═══ RECORD EXCERPTS
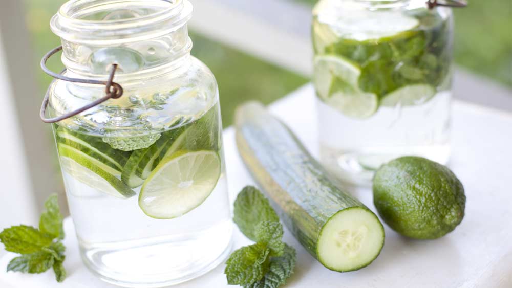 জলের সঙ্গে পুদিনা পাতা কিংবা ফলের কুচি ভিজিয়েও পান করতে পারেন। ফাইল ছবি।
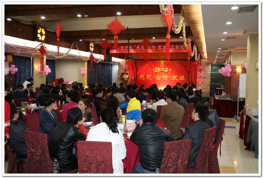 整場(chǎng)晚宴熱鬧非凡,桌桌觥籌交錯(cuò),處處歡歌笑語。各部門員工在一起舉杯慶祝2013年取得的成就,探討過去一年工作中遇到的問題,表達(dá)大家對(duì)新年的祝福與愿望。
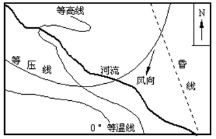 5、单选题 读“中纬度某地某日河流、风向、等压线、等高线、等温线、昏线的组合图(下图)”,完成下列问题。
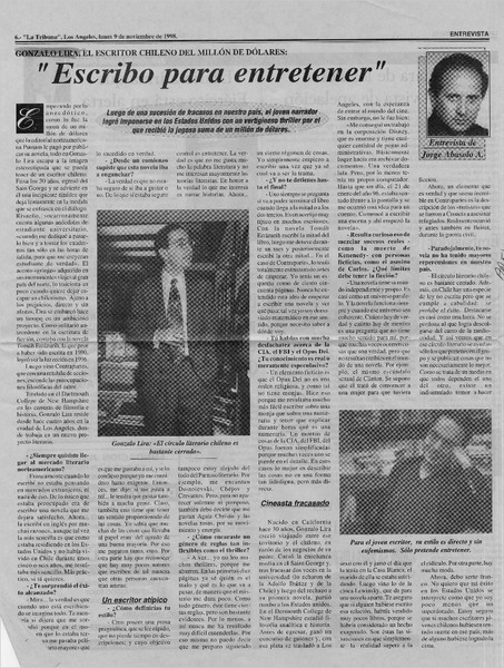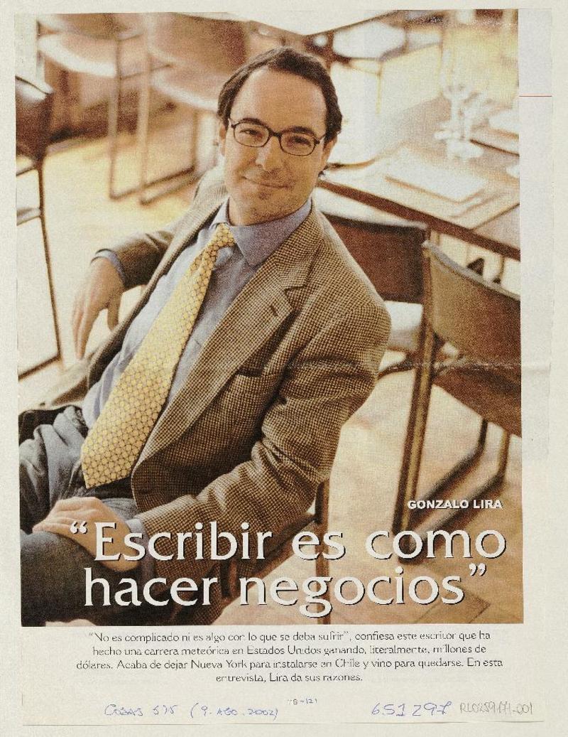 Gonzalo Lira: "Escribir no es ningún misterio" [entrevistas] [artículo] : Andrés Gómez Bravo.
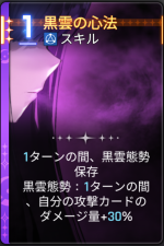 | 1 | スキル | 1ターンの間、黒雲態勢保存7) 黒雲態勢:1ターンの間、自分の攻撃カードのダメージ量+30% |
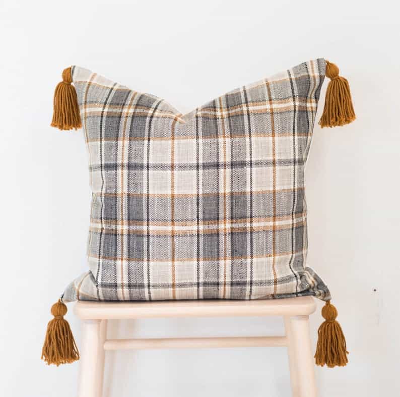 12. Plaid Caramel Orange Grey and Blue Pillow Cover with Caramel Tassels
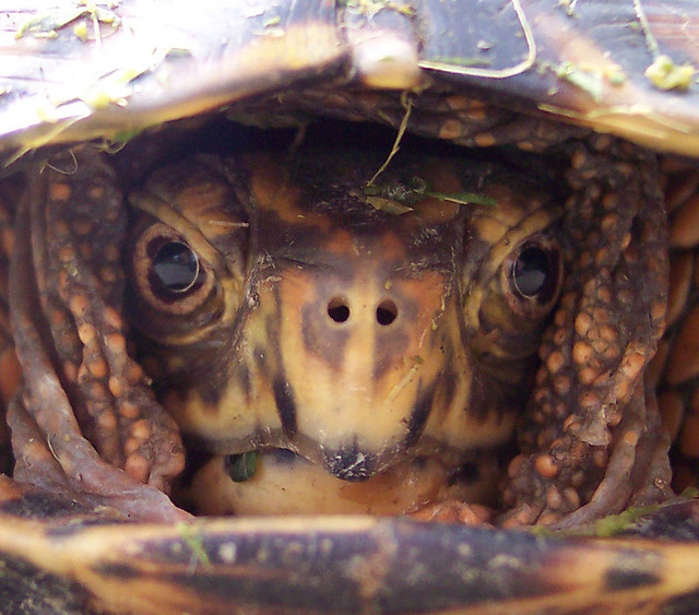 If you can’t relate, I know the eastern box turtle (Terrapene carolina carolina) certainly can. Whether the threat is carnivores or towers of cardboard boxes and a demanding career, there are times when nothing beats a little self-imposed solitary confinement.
══════
(EXERCISE)
None of the pictures belong in the copy. Write out exactly the lines from the line that holds "12. Plaid Caramel" through the last line of the listing above, both ends included.

(PROBLEM SOLUTION)
 12. Plaid Caramel Orange Grey and Blue Pillow Cover with Caramel Tassels
 If you can’t relate, I know the eastern box turtle (Terrapene carolina carolina) certainly can. Whether the threat is carnivores or towers of cardboard boxes and a demanding career, there are times when nothing beats a little self-imposed solitary confinement.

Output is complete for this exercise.